What are the preferred targeted therapy options for advanced HER-2-positive breast cancer?
Trutuzumab in combination with patuximab (the latter is not available in China) is an option for dual-targeted therapy, along with paclitaxel (paclitaxel, docetaxel), or other chemotherapeutic agents, such as anthracyclines (liposomal doxorubicin), vincristine, capecitabine, gemcitabine, etc.
What to choose after progression of targeted therapy for advanced breast cancer?
The first choice is T-DM1, which is not yet available in China and is an antibody-coupled drug that combines both trastuzumab and an anti-microtubulin drug.

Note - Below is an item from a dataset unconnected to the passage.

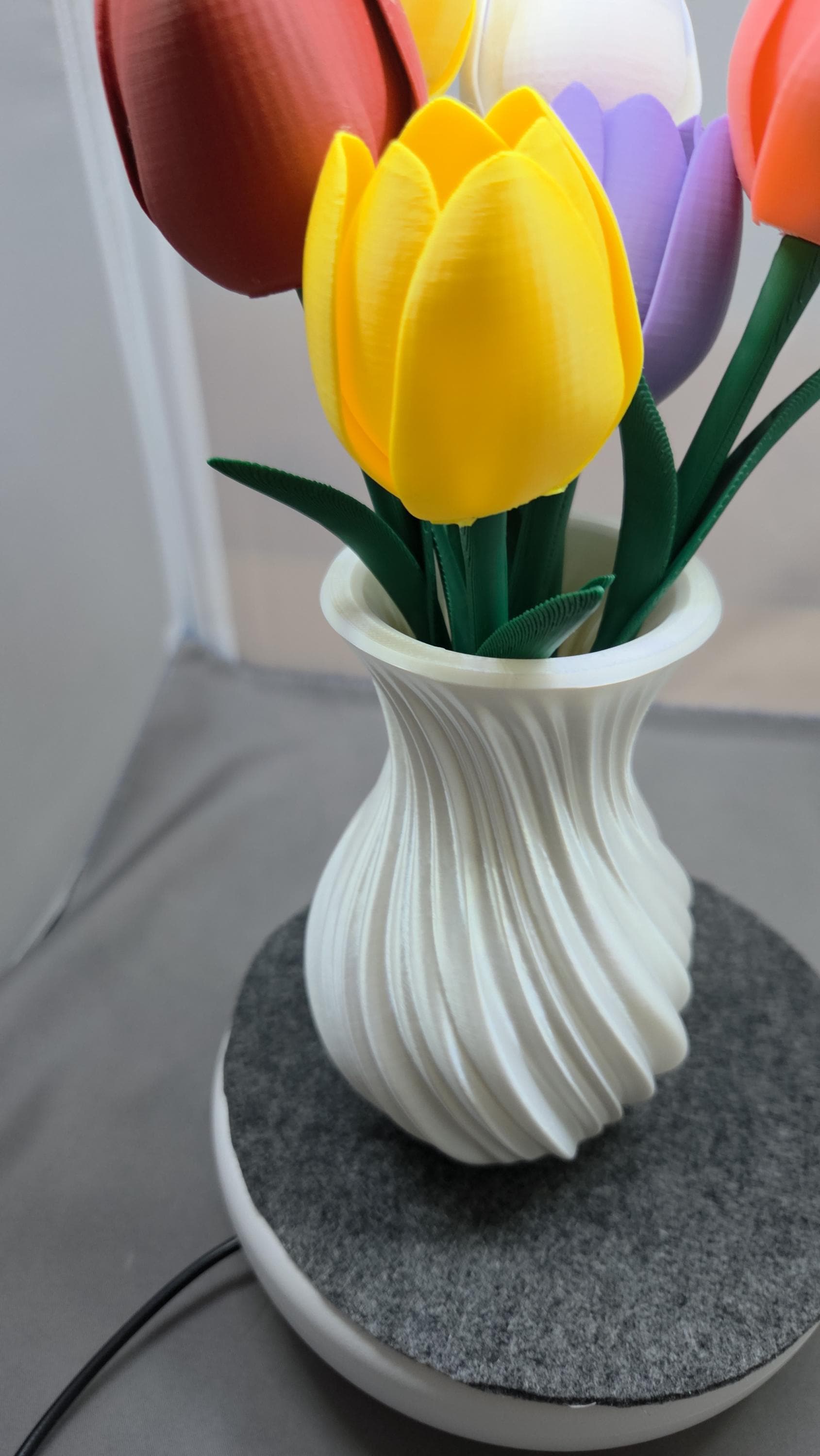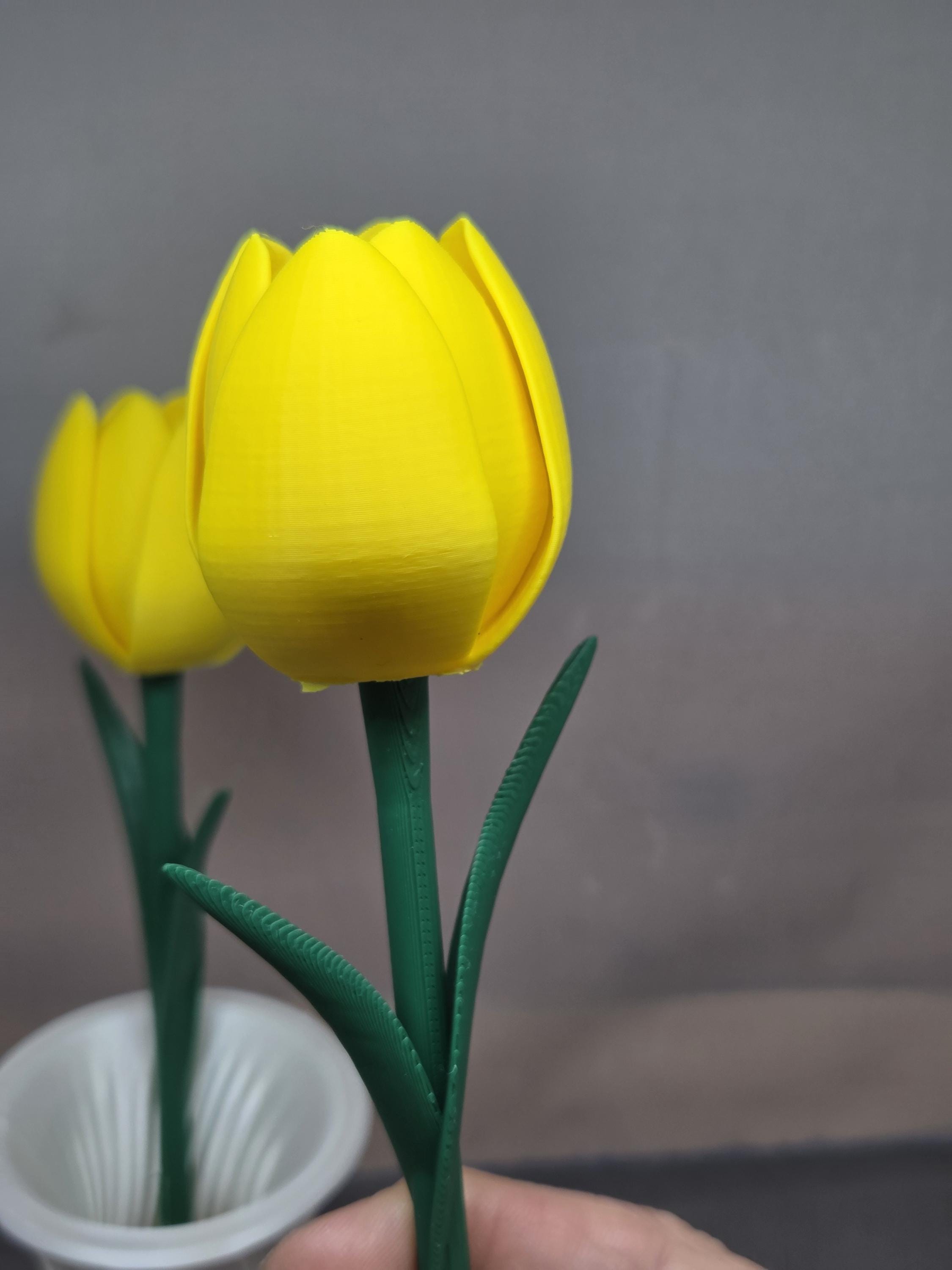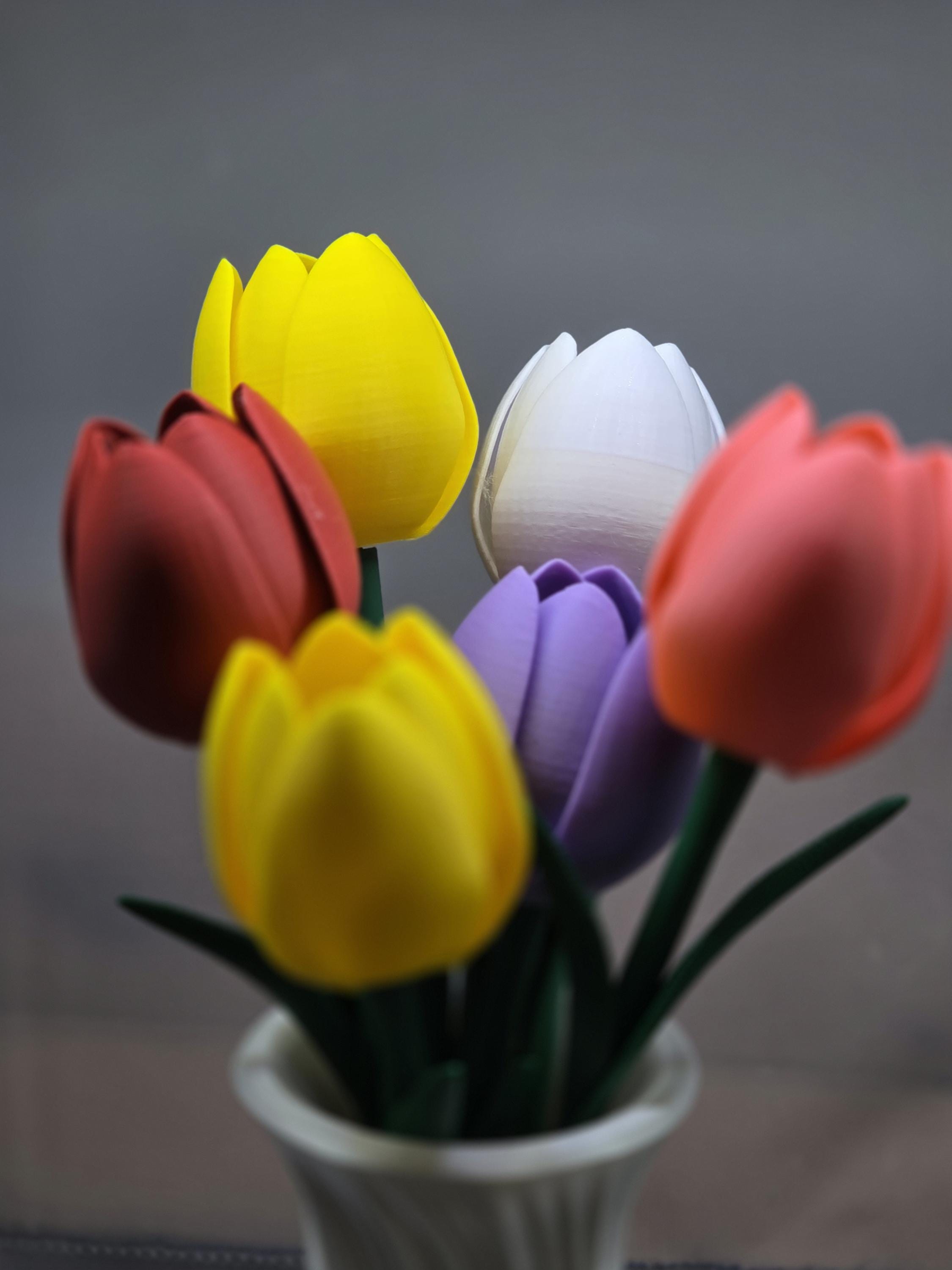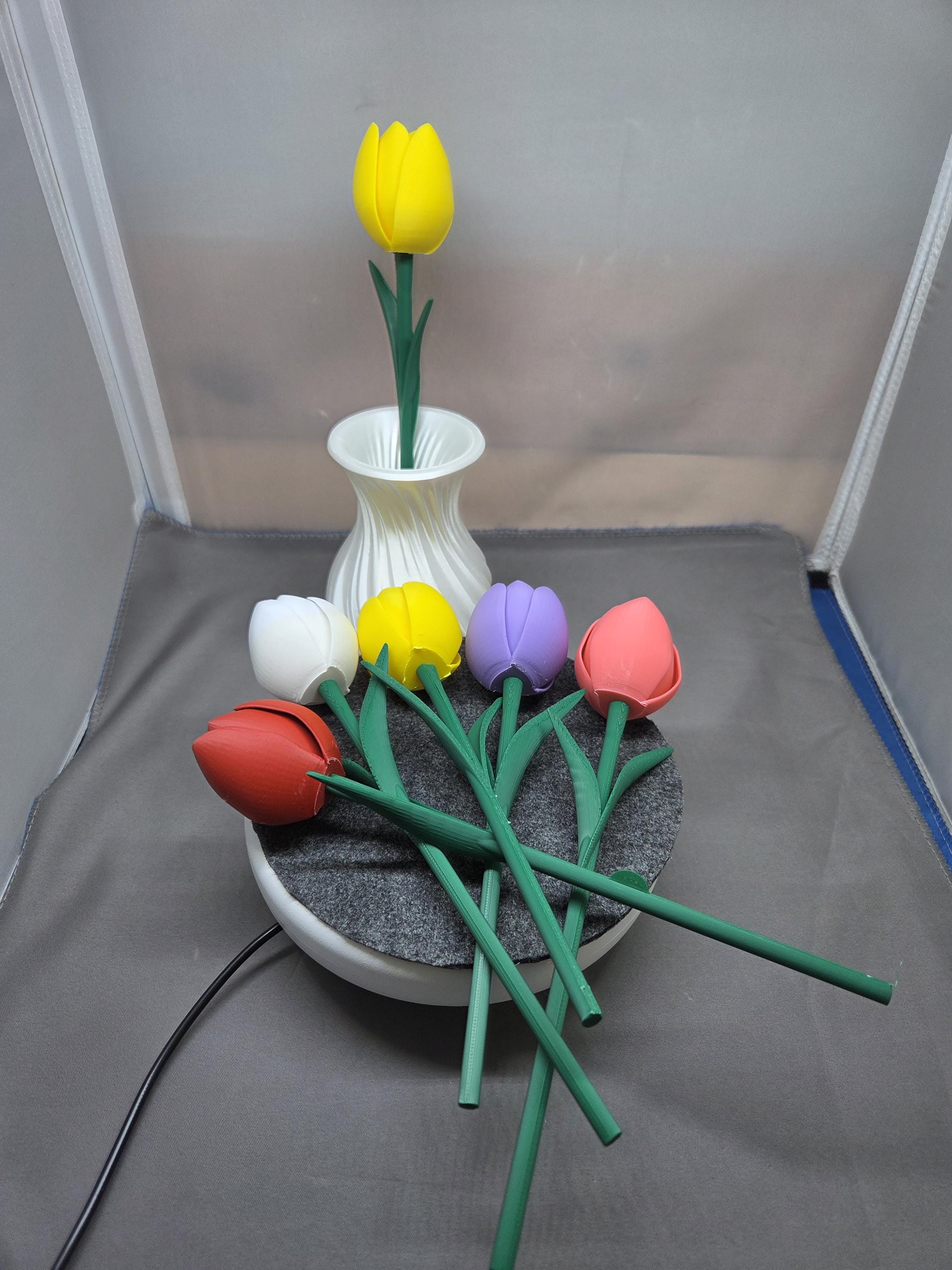 Everlasting blooms for effortless romance. These 3D-printed tulips offer a permanent, mess-free alternative to traditional bouquets—ideal for anniversaries, Valentine's Day, or a thoughtful "just because" gesture. It’s a stylish, low-maintenance flex that proves your affection doesn't have an expiration date. Includes 6 Tulips and a vase. You can customise the colors of the vase or flowers

When T-DM1 is not available, trastuzumab combined with another cytotoxic agent, such as a paclitaxel, or another multi-targeted targeted agent, lapatinib, in combination with oral chemotherapy, capecitabine, or lapatinib can be added to trastuzumab, another dual-targeted therapy.
Is it possible to interrupt targeted therapy?
Targeted therapies are expensive, and in order to strike a partial balance between financial stress and efficacy, a temporary interruption of therapy may be considered if the tumor is in complete remission for several years after treatment, followed by targeted therapy if it progresses again.
For those with an interval between discontinuation of trastuzumab and relapse greater than 12 months, the tumor is considered relatively sensitive to response to targeted therapy, so the physician may prefer trastuzumab, or dual-targeted therapy with trastuzumab and patuximab in combination with chemotherapeutic agents. If the interval between recurrences is no more than 12 months, indicating that they are progressing more rapidly, other anti-HER-2 regimens are usually chosen for treatment.